[Extracted records]
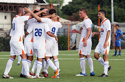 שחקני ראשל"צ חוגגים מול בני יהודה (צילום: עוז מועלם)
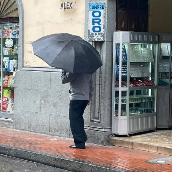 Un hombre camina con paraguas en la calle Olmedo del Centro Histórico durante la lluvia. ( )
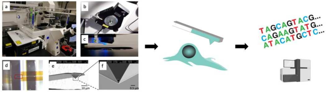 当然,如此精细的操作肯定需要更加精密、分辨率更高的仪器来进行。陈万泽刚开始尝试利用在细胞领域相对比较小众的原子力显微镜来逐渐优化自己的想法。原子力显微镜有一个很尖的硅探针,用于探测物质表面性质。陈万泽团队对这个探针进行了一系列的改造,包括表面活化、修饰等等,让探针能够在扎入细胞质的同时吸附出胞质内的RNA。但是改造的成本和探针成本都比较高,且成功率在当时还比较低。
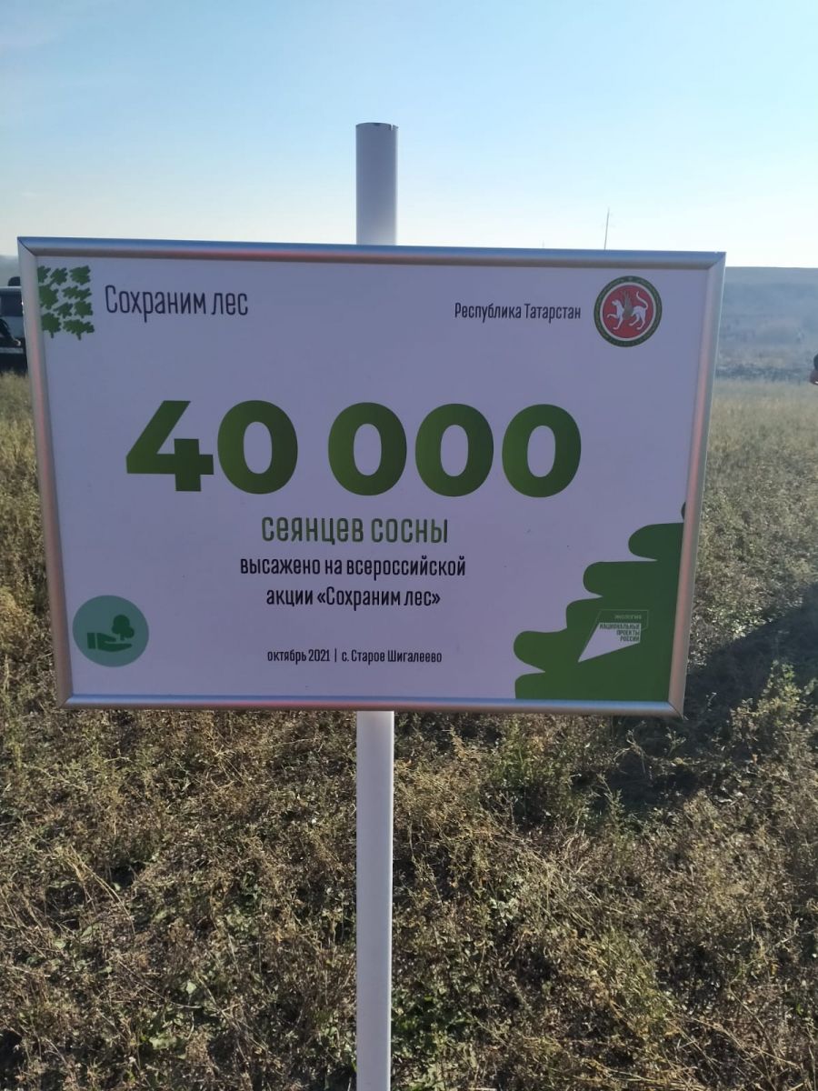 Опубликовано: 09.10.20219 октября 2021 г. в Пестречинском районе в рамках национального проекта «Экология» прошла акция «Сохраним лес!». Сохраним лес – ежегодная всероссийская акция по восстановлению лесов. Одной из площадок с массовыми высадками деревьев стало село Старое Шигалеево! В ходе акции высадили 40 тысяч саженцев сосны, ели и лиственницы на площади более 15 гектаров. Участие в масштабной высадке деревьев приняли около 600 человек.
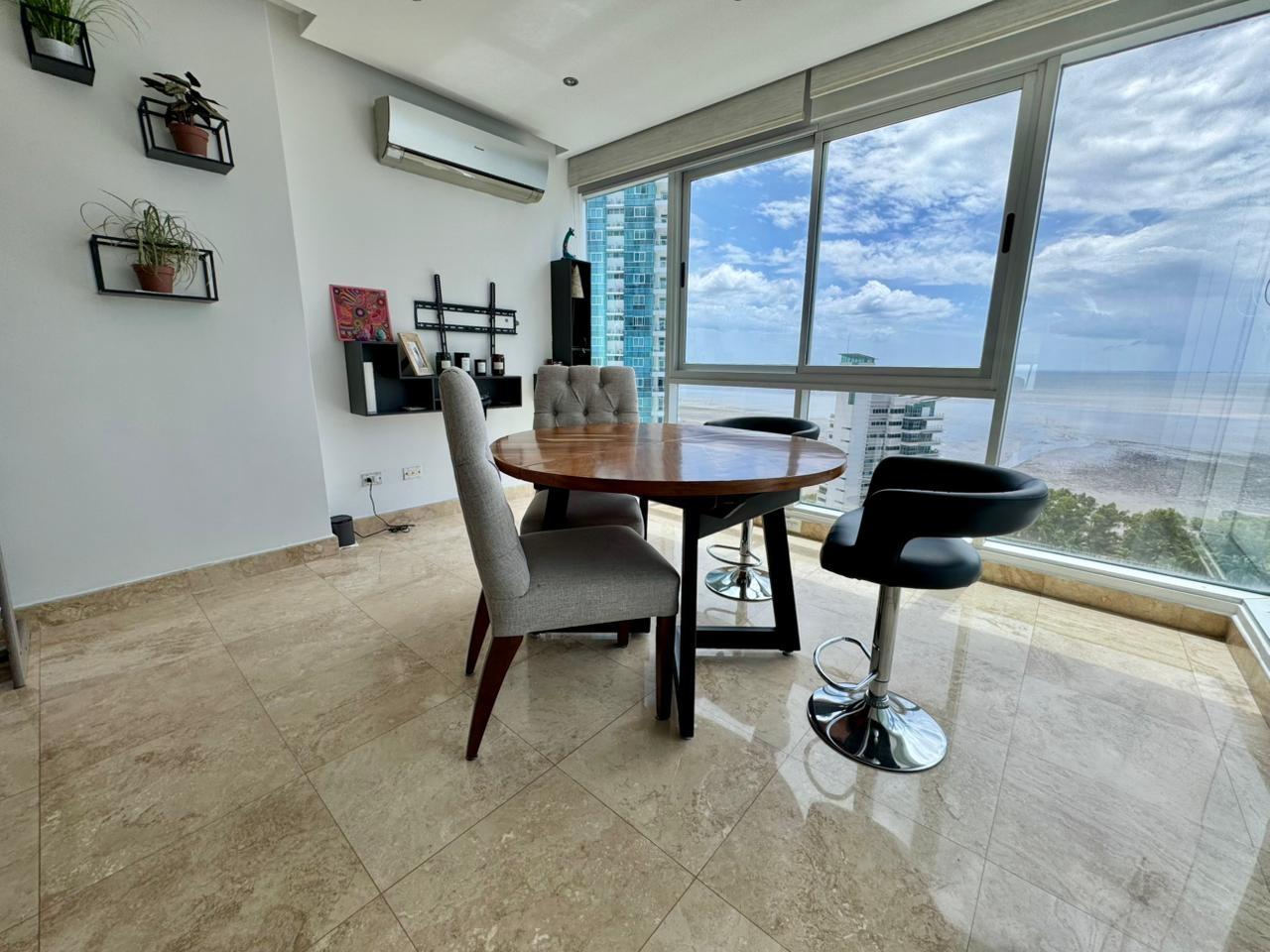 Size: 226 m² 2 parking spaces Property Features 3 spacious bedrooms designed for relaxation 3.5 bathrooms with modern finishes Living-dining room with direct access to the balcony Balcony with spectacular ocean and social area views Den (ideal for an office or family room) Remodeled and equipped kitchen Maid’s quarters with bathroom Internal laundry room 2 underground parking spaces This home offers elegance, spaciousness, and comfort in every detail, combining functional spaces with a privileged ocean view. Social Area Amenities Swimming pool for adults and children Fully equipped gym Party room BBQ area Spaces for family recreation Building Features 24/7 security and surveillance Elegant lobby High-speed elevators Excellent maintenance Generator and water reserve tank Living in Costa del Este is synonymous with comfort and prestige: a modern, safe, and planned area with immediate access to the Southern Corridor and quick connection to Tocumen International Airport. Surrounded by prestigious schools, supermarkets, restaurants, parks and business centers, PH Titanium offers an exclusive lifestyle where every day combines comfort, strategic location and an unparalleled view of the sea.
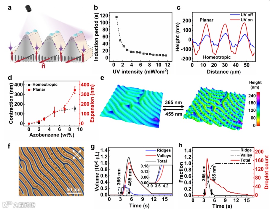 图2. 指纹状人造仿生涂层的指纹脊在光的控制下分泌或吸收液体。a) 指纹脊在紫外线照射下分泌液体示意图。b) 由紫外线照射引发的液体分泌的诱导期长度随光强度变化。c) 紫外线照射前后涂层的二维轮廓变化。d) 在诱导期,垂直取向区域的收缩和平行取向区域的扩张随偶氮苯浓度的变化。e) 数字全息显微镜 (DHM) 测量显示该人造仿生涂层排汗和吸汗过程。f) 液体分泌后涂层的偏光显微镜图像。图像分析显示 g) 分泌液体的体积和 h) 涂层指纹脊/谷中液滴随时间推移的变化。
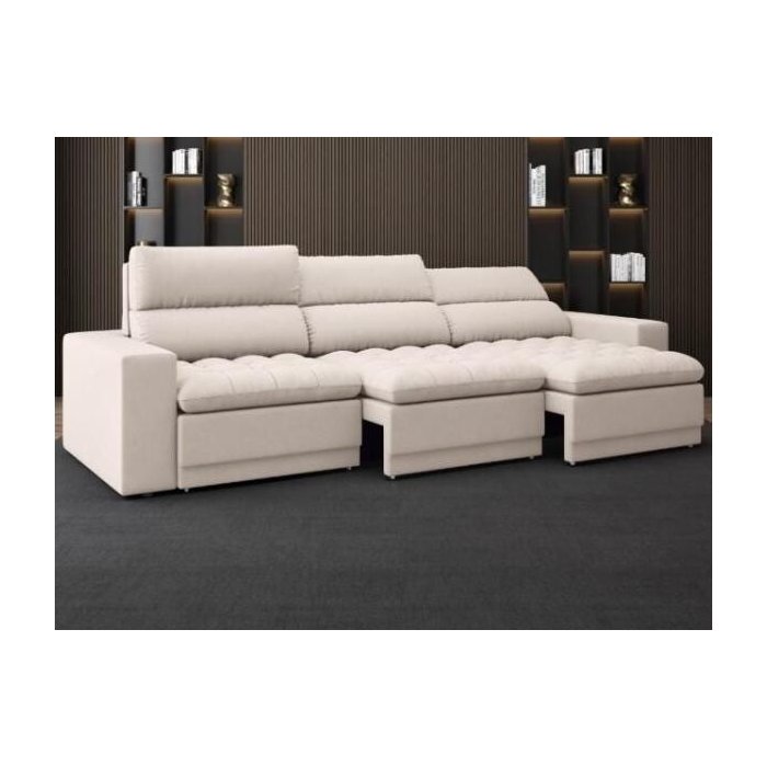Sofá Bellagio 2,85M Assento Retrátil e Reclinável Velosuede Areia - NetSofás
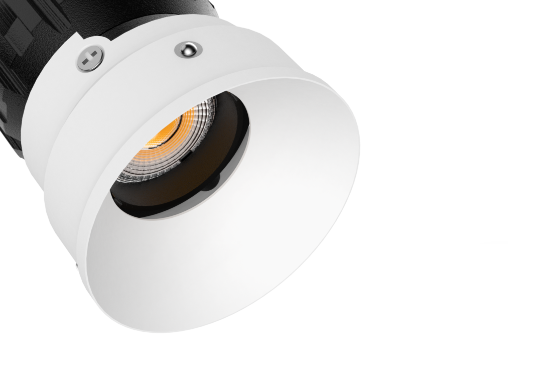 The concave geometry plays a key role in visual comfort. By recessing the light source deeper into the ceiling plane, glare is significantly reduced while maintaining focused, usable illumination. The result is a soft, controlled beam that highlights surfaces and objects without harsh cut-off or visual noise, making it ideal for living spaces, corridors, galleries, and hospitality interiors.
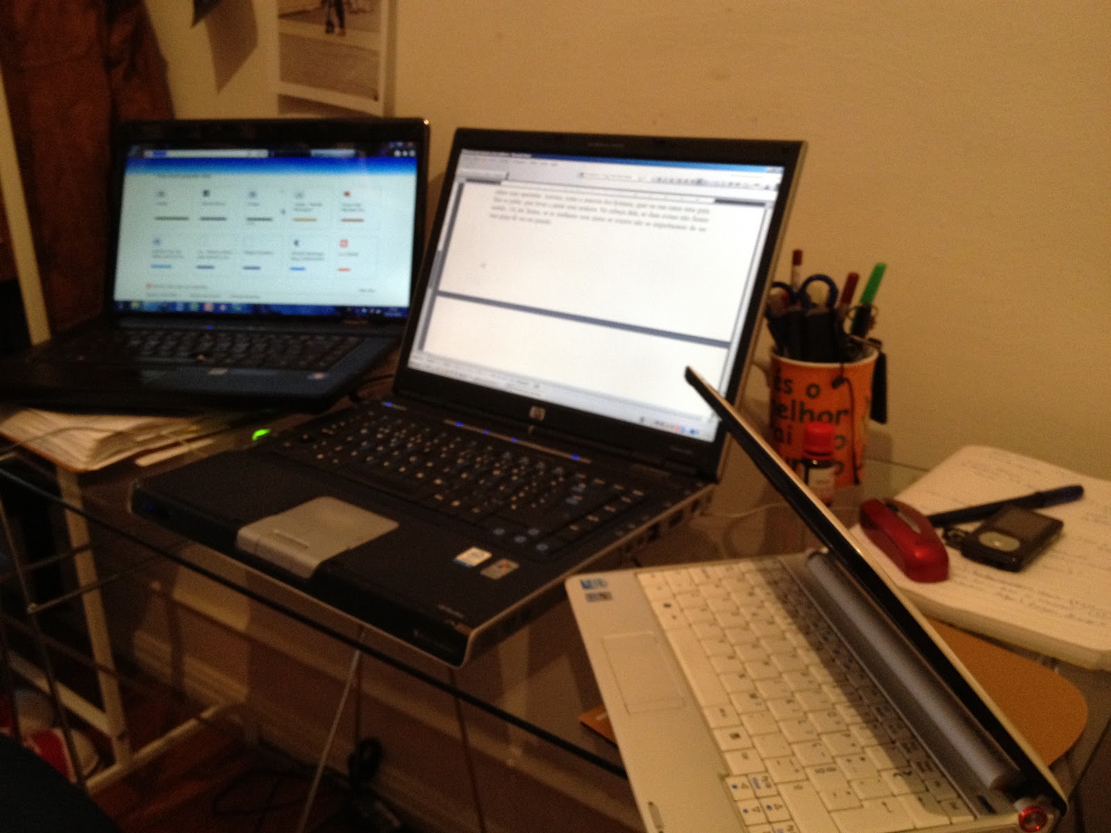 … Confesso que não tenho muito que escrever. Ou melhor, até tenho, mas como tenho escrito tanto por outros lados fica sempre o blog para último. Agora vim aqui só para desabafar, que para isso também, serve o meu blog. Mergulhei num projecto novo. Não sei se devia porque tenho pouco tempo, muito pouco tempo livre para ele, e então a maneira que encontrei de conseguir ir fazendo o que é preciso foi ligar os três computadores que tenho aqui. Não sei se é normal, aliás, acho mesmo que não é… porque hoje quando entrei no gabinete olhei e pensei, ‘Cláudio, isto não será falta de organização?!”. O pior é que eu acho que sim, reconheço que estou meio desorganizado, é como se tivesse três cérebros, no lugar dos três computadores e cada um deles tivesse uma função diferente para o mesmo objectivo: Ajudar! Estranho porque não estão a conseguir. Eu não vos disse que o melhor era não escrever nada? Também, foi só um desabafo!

▶ PROBLEM STATEMENT:
From the records given above, reproduce all text exactly and exclude each picture.

▶ SOLUTION:
 שחקני ראשל"צ חוגגים מול בני יהודה (צילום: עוז מועלם)
 Un hombre camina con paraguas en la calle Olmedo del Centro Histórico durante la lluvia. ( )
 当然,如此精细的操作肯定需要更加精密、分辨率更高的仪器来进行。陈万泽刚开始尝试利用在细胞领域相对比较小众的原子力显微镜来逐渐优化自己的想法。原子力显微镜有一个很尖的硅探针,用于探测物质表面性质。陈万泽团队对这个探针进行了一系列的改造,包括表面活化、修饰等等,让探针能够在扎入细胞质的同时吸附出胞质内的RNA。但是改造的成本和探针成本都比较高,且成功率在当时还比较低。
 Опубликовано: 09.10.20219 октября 2021 г. в Пестречинском районе в рамках национального проекта «Экология» прошла акция «Сохраним лес!». Сохраним лес – ежегодная всероссийская акция по восстановлению лесов. Одной из площадок с массовыми высадками деревьев стало село Старое Шигалеево! В ходе акции высадили 40 тысяч саженцев сосны, ели и лиственницы на площади более 15 гектаров. Участие в масштабной высадке деревьев приняли около 600 человек.
 Size: 226 m² 2 parking spaces Property Features 3 spacious bedrooms designed for relaxation 3.5 bathrooms with modern finishes Living-dining room with direct access to the balcony Balcony with spectacular ocean and social area views Den (ideal for an office or family room) Remodeled and equipped kitchen Maid’s quarters with bathroom Internal laundry room 2 underground parking spaces This home offers elegance, spaciousness, and comfort in every detail, combining functional spaces with a privileged ocean view. Social Area Amenities Swimming pool for adults and children Fully equipped gym Party room BBQ area Spaces for family recreation Building Features 24/7 security and surveillance Elegant lobby High-speed elevators Excellent maintenance Generator and water reserve tank Living in Costa del Este is synonymous with comfort and prestige: a modern, safe, and planned area with immediate access to the Southern Corridor and quick connection to Tocumen International Airport. Surrounded by prestigious schools, supermarkets, restaurants, parks and business centers, PH Titanium offers an exclusive lifestyle where every day combines comfort, strategic location and an unparalleled view of the sea.
 图2. 指纹状人造仿生涂层的指纹脊在光的控制下分泌或吸收液体。a) 指纹脊在紫外线照射下分泌液体示意图。b) 由紫外线照射引发的液体分泌的诱导期长度随光强度变化。c) 紫外线照射前后涂层的二维轮廓变化。d) 在诱导期,垂直取向区域的收缩和平行取向区域的扩张随偶氮苯浓度的变化。e) 数字全息显微镜 (DHM) 测量显示该人造仿生涂层排汗和吸汗过程。f) 液体分泌后涂层的偏光显微镜图像。图像分析显示 g) 分泌液体的体积和 h) 涂层指纹脊/谷中液滴随时间推移的变化。
Sofá Bellagio 2,85M Assento Retrátil e Reclinável Velosuede Areia - NetSofás
 The concave geometry plays a key role in visual comfort. By recessing the light source deeper into the ceiling plane, glare is significantly reduced while maintaining focused, usable illumination. The result is a soft, controlled beam that highlights surfaces and objects without harsh cut-off or visual noise, making it ideal for living spaces, corridors, galleries, and hospitality interiors.
 … Confesso que não tenho muito que escrever. Ou melhor, até tenho, mas como tenho escrito tanto por outros lados fica sempre o blog para último. Agora vim aqui só para desabafar, que para isso também, serve o meu blog. Mergulhei num projecto novo. Não sei se devia porque tenho pouco tempo, muito pouco tempo livre para ele, e então a maneira que encontrei de conseguir ir fazendo o que é preciso foi ligar os três computadores que tenho aqui. Não sei se é normal, aliás, acho mesmo que não é… porque hoje quando entrei no gabinete olhei e pensei, ‘Cláudio, isto não será falta de organização?!”. O pior é que eu acho que sim, reconheço que estou meio desorganizado, é como se tivesse três cérebros, no lugar dos três computadores e cada um deles tivesse uma função diferente para o mesmo objectivo: Ajudar! Estranho porque não estão a conseguir. Eu não vos disse que o melhor era não escrever nada? Também, foi só um desabafo!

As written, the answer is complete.